Факторович икнул и заговорил плачущим голосом:
– Товарищи, я здесь с ума сойду. Я задыхаюсь в этой обстановке. Я ведь сам жил в такой семейке, у своего папаши, мне эта механика известна.
– Брось, – сказал Москвин, – подумаешь, обстановка, ты бы посмотрел на моего папаню, когда он в получку возвращался.
– А я вот полежу на этом роскошном диване, – сказал Верхотурский и улегся, подкладывая под затылок подушечки.
Он взял одну подушку в руки и принялся разглядывать ее. На черном бархате была вышита бисером яркая бабочка, сотни разноцветных бисеринок переливались в сложном и тонком узоре, составлявшем расцветку крыльев.
Верхотурский ковырнул пальцем вышивку, потер ладонью бабочкины глаза, сделанные из круглых красных пуговичек, и задумчиво сказал:
– Ну-ну, доложу я вам...
Потом он положил подушечку себе на живот и довольно закряхтел.
– Пойдем на склад Опродкомарма, поиграем в шахматишки, – предложил Факторович.
– Только не турнирную, а любительскую, – ответил Москвин.
– Т-рус.
– Я, знаешь, боюсь тебя в один день доконать, у тебя еще рана откроется от огорчеиья.
– Не бойся за мою рану, товарищ
Как только они начинали говорить о шахматах, между ними устанавливался этот мальчишеский, сварливый тон. Это повелось еще с того времени, когда они лежали в полевом госпитале и сестра милосердия, глядя на их бумажные лица и прислушиваясь к их слабым голосам, едва слышным сквозь гул орудий, пугалась – ей казалось, что раненые военкомы сошли с ума.
Вдруг с улицы раздался шум, крики. Толкая друг друга, они побежали к окну.
Через площадь мчался толстый лысый человечек, а за ним, придерживая рукой шашку, гнался высокий и тощий польский солдат. Лысый человек бежал молча, он бодал воздух своей круглой головой, точно проламывал себе дорогу, а серовато-синий солдат мерно перебирал ногами и делал это так неохотно, точно верблюд, которого гонят палкой.

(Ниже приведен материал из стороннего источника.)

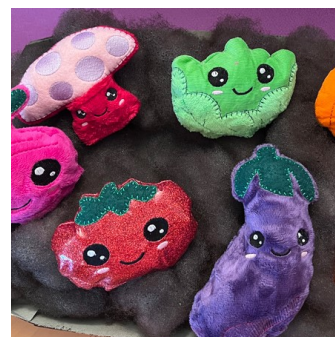
MINI PLUSHIES —fun to make and perfect for play

– Стуй, стуй, пся крев! – кричал солдат.
Но "пся крев" и не думал останавливаться Вот он в последний раз повел шеей, боднул невидимое препятствие и скрылся за железной калиткой. И тотчас вслед за ним во двор вбежал тощий ленивый верблюд.
Площадь вдруг опустела, и три человека, стоя у окна, долго молчали.
– Догонит, сукин кот, – шепотом сказал Москвин.
– Как много камней, – точно силясь понять что-то, проговорил Факторович.
А Верхотурский молчал, поглаживая подушечку, которую машинально захватил, вскочив с дивана.
Из калитки вышел солдат, держа за шнурки два желтых ботинка. Он оглянулся, точно собираясь ступить в воду, и пошел через площадь. И как только солдат побрел, помахивая ботинками, на площадь выбежал лысый толстяк.
– Пани, пани, мои буты! – кричал он, всплескивая руками и приплясывая вокруг солдата. Его ноги в светлых носках еле касались земли, и было похоже, что человек танцует какой-то веселый, задорный танец. Солдат пошел быстрее, но толстяк не отставал от него.
– Пани, мои буты! – орал он и старался вырвать ботинки, но солдат, сердито закричав, метко лягнул его по заду. Он шел быстрыми шагами, худой, небритый, подняв ботинки над головой, а маленький толстяк в светлых носках прыгал возле него и пронзительно кричал.
Он уже не боялся ни револьвера, ни кавалерийской сабли, весь охваченный могучим желанием вернуть свои оранжево-желтые ботинки. Так они дошли до середины площади, и солдат начал озираться, не зная куда идти.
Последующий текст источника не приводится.